## WORK TO COMPLETE
Beginning with the line that holds "마구 휘갈겨 쓴 글씨임에도" and ending with the last line of the entries below, copy every line exactly and nothing else, with the pictures left out.

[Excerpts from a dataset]
____________

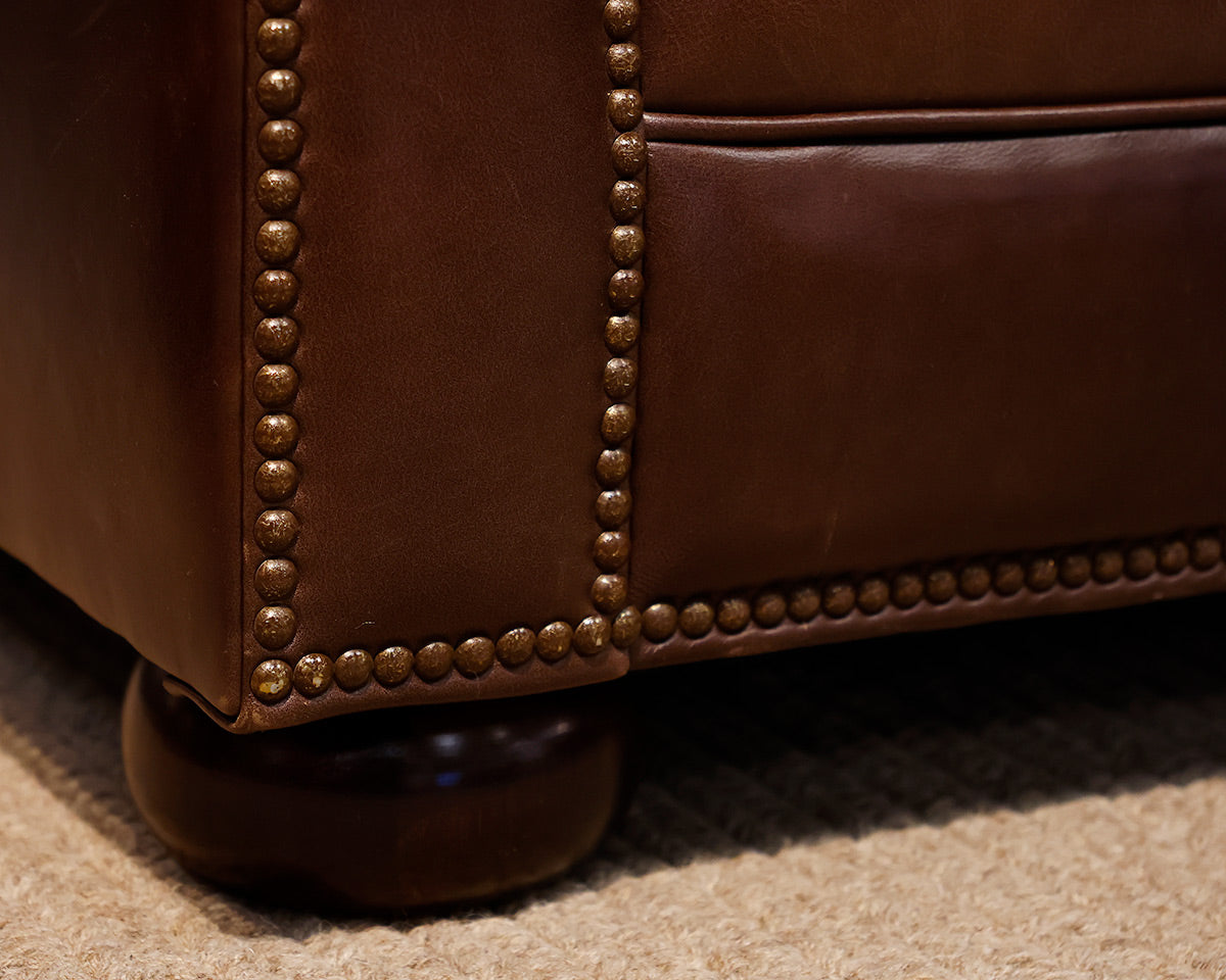 Brown Leather Two-Piece Sectional. Rolled Arm With Brushed Bronze Nailhead Trim.
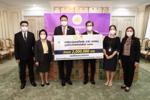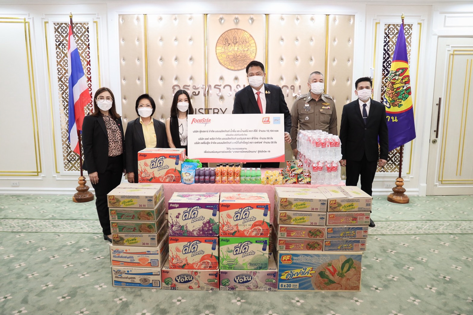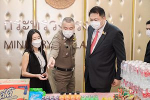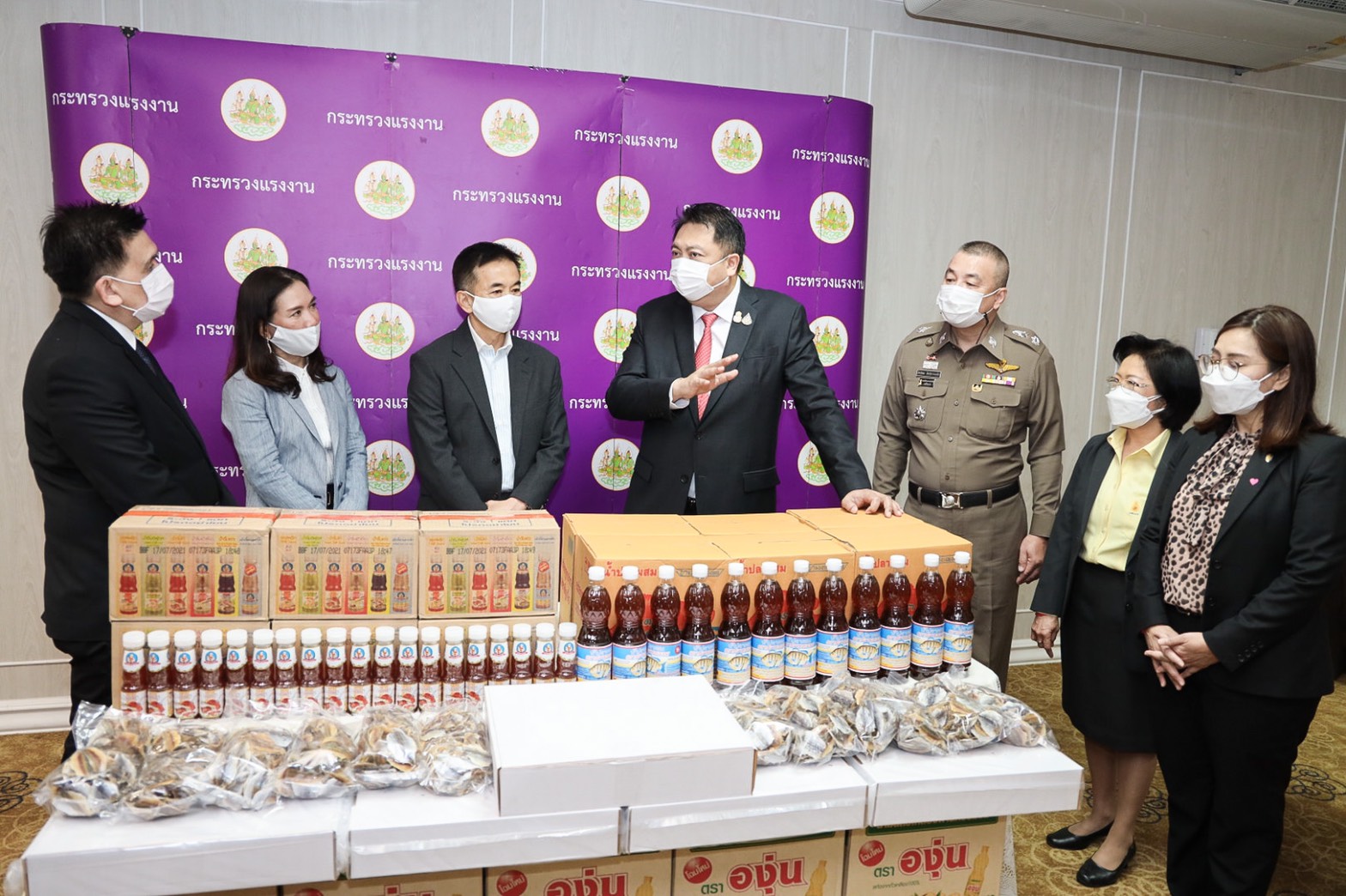 On July 7, 2021, Labour Minister Mr. Suchart Chomklin received consumer goods from the private sector to support workers following the measures to close worker camps in a fight against COVID-19. The meeting took place at the Chatumongkol Room, 6th floor, Ministry of Labour. The following donations were received: 1) Komos Corporation Co., Ltd. by Khun Sudjai Jirayapakorn, donated 18,000 packs of instant noodles. 2) JWD Group by Mr. Chitchai and Khun Atchara Nimitpanya donated consumer goods such as vegetable oil, fish sauce, chicken sauce, yellow stripe, baked bread, instant noodles, valued at 200,000 Baht. 3) Hatari Electric Co., Ltd. donated 15,000 kilograms of rice, valued at 300,000 Baht. 4) Saha Pathana InterHosting PCL, the Ruamjai Foundation of Saha Group 1997, donated instant noodles valued at 2,000,000 Baht. 5) Mr. Wichai Kulsompop, President of Saha Pathana Inter Holdings PCL, donated 200,250 packs of instant noodles. 6) Thantharat Chokwatana, Chairman of the Saha Group Foundation 1997, donated 200,500 packs of instant noodles. 7) Food Star Co., Ltd., by Mr. Chantra Pongsri, Managing Director of Food Star Co., Ltd., donated 2,400 bottles of drinking water, 1,056 bottles of fruit juice, 96 bottles of 40% fruit juice, 2,592 bottles of mixed yogurt drinks, 1,440 bottles of mixed yogurt and coconut jelly drinks, 50 boxes of seasoning powder, and 30 boxes of instant noodles. Deputy Permanent Secretary of Labour Ms. Aumpun Thuwawit, Director-General of the Department of Employment Mr. Phairoj Chotikasathian, and the Ministry of Labour’s Inspector-General Ms. Bubpha Rueangsud, also joined the occasion.
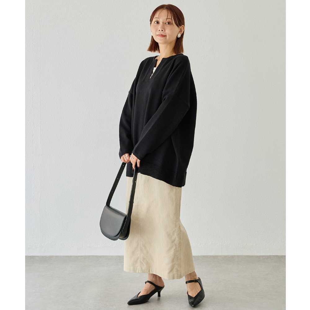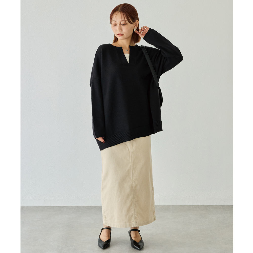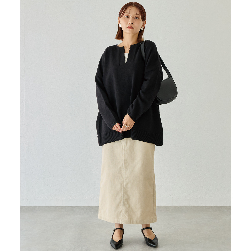 抜け感のあるスキッパーネックが顔周りをすっきりと見せ、ラフになりすぎず女性らしさを演出してくれます。
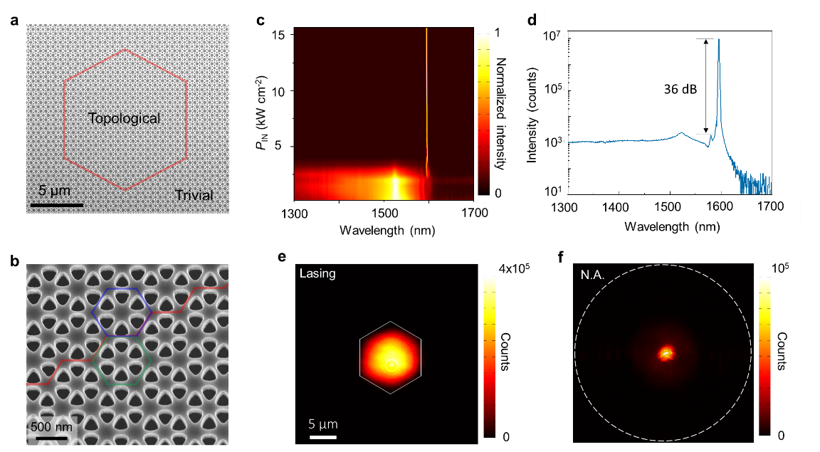 图2:拓扑体态激光器件与性能。(a-b) 拓扑体态激光器谐振腔(a)和拓扑界面处(b)的电镜图。(c)随功率变化的光谱。(d)激射光谱。(e)激射实空间近场分布。(f)激射角分辨远场分布。
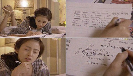 마구 휘갈겨 쓴 글씨임에도 불구하고 귀여움이 가득한 글씨체여서 눈길을 끌었다. 특히 짝사랑하는 남정우(류수영) 교수의 이름 옆에 하트를 그려 넣어 귀여움이 더욱 돋보였다.
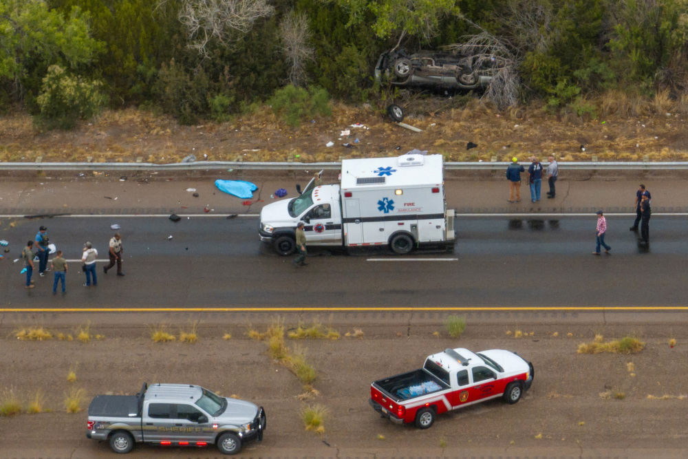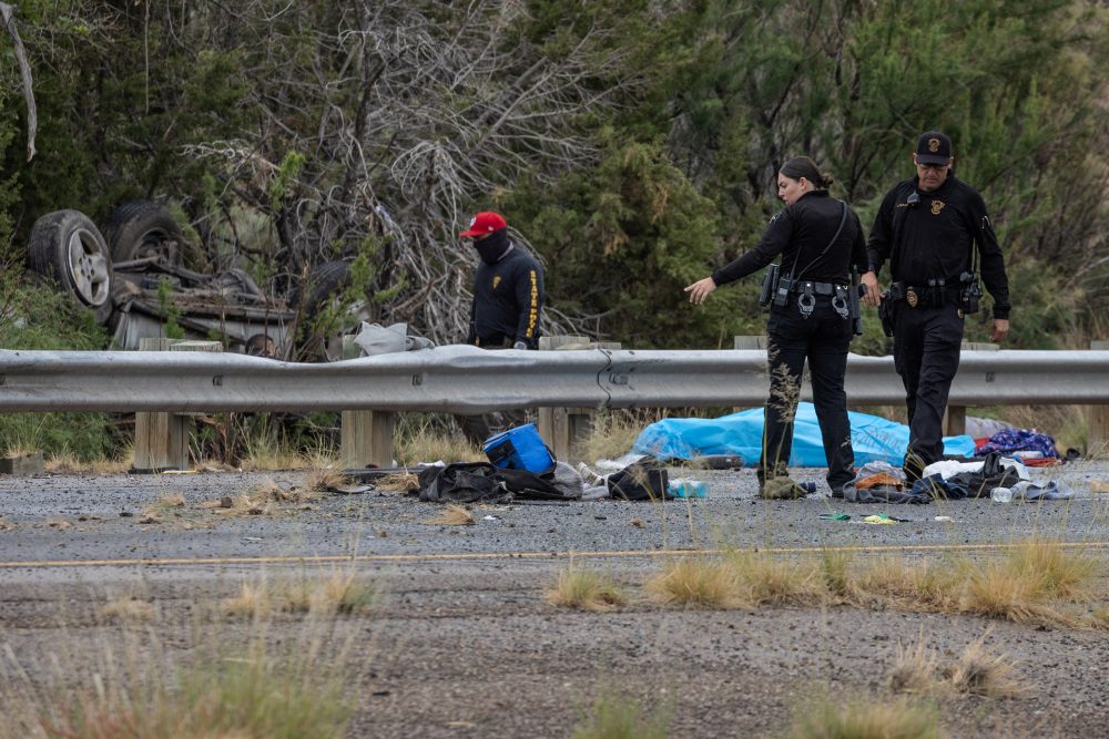 6月21日,工作人员在美国新墨西哥州本特的车祸现场展开工作。新华社/路透

____________

## ANSWER SPACE
 마구 휘갈겨 쓴 글씨임에도 불구하고 귀여움이 가득한 글씨체여서 눈길을 끌었다. 특히 짝사랑하는 남정우(류수영) 교수의 이름 옆에 하트를 그려 넣어 귀여움이 더욱 돋보였다.
 6月21日,工作人员在美国新墨西哥州本特的车祸现场展开工作。新华社/路透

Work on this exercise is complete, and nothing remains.